While crews rushed to search for survivors and clean up scenes of chaos on Caribbean islands, Haitian authorities issued travel restrictions and opened emergency shelters ahead of the storm's arrival.
The US state of Florida declared a state of emergency and Cuba issued an alert as well, as the storm, which is forecast to weaken Saturday, rolled their way.
In an evening press conference, Dominica Prime Minister Roosevelt Skerrit said he had spent the day looking at damage and had seen "monumental destruction" that left at least 20 people dead.
"The visual damage I saw today, I fear, may have set our development process back by 20 years," Skerrit said in an address after surveying the island country, which only has a population of about 72,000.
"Of greatest concern however, is the loss of life. So far we have confirmed that at least 20 citizens have died, and some are missing," he said.
Skerrit reported that massive damage had been inflicted on key infrastructure facilities and roads, and that "hundreds of homes around the country have been destroyed or rendered unsafe to occupy."
Highways had sustained widespread damage and bridges had been washed away, he said.
"I have been assessing the damage all day. The extent of devastation is monumental. It is far worse that expected" he said.
'Gradually moving over Haiti'
Haitian authorities announced Friday afternoon that emergency shelters had been opened across the country, even as Erika was forecast to weaken.
Hygiene kits, mattresses and food have been stocked at some 1,966 temporary shelters, which are able to accommodate more than 47,000 people.
In Haiti, many homes are rickety at best and more than 60,000 people are still living in emergency housing in the Port-au-Prince region -- right in Erika's path -- following the country's devastating 2010 earthquake that killed more than 250,000 people and crippled the nation's infrastructure.
The government had already called for preventative evacuations in vulnerable areas ahead of the storm's arrival
It also closed the country's airspace until early Saturday, banned highway travel between departments and prohibited small boats from sailing.
According to latest forecasts, Haiti was to get its first dose of bad weather Friday evening with torrential rains and strong winds.
"The broad circulation of Erika is gradually moving inland over Haiti," the Miami-based National Hurricane Center said in its latest forecast for 0000 GMT.
It predicted that Erika's center would move over western Haiti early Saturday and be near the southeastern Bahamas or eastern Cuba on Saturday afternoon.
However, it added that "Erika is forecast to weaken to a tropical depression on Saturday."
After that point "there is a good possibility that Erika could even degenerate into a trough of low pressure while it is moving over the high terrain of Hispaniola and eastern Cuba," the center said.
Haiti is located on the western half of the island of Hispaniola, which also includes the Dominican Republic.
Dominican Republic lashed
Hispaniola's eastern half was pummeled by Erika on Friday, as residents were inundated with heavy rains.

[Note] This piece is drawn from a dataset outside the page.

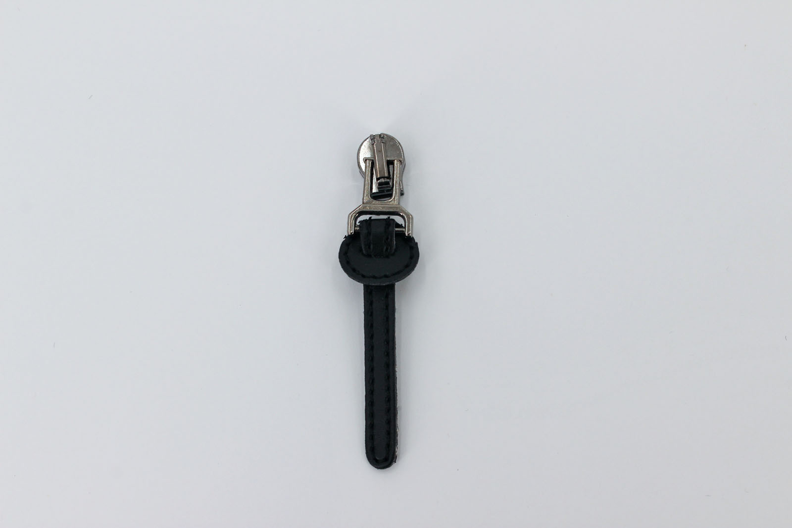 Zusätzlicher Automatikschieber mit Kunstlederanhänger am Zwischenglied titan/schwarz zu unserer Meterware "Reißverschluss metallisiert breit"

Dominican Republic authorities issued a red alert as schools, beaches and ports were closed and civil protection organizations were ordered to be at the ready.

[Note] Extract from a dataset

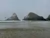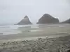 From Rte101 between Yachats and Florence a turn into the Hecata Head Lighthouse parking area brings you to beatiful Cape Creek Beach, set between 2 high bluffs with a wide beach, small rocks and mostly hard packed sand. There are 2 large triangular rock features just off the shore and a few shallow caves to explore as well. There are bathrooms, and a gift shop on the short walk to the lighthouse. The lighthouse was closed for renovations but park staff were available to provide information and answer questions.

The Dominican Republic is particularly vulnerable to the impact of tropical storms due to rivers and streams in the capital Santo Domingo and elsewhere.
The National Hurricane Center said Erika was expected to produce total rainfall of three to six inches (7.5 to 15.5 centimeters) but could produce up to 10 inches of rain across parts of the Dominican Republic and Haiti through Saturday.
Similar amounts of rain were expected in Turks and Caicos, eastern Cuba and the southeastern and central Bahamas, it said.
Florida declares emergency
In Puerto Rico, Erika left nearly 150,000 people without power, but appeared not to have caused major damage.
The storm's approach also set off a scramble as far north as the US state of Florida, where the governor declared a state of emergency.
"Tropical Storm Erika poses a severe threat to the entire state of Florida and requires that timely precautions are taken to protect the communities, critical infrastructure and general welfare of this state," Governor Rick Scott said.
In Washington, White House spokesman Josh Earnest said President Barack Obama had been briefed about preparations for Erika's possible landfall in the United States.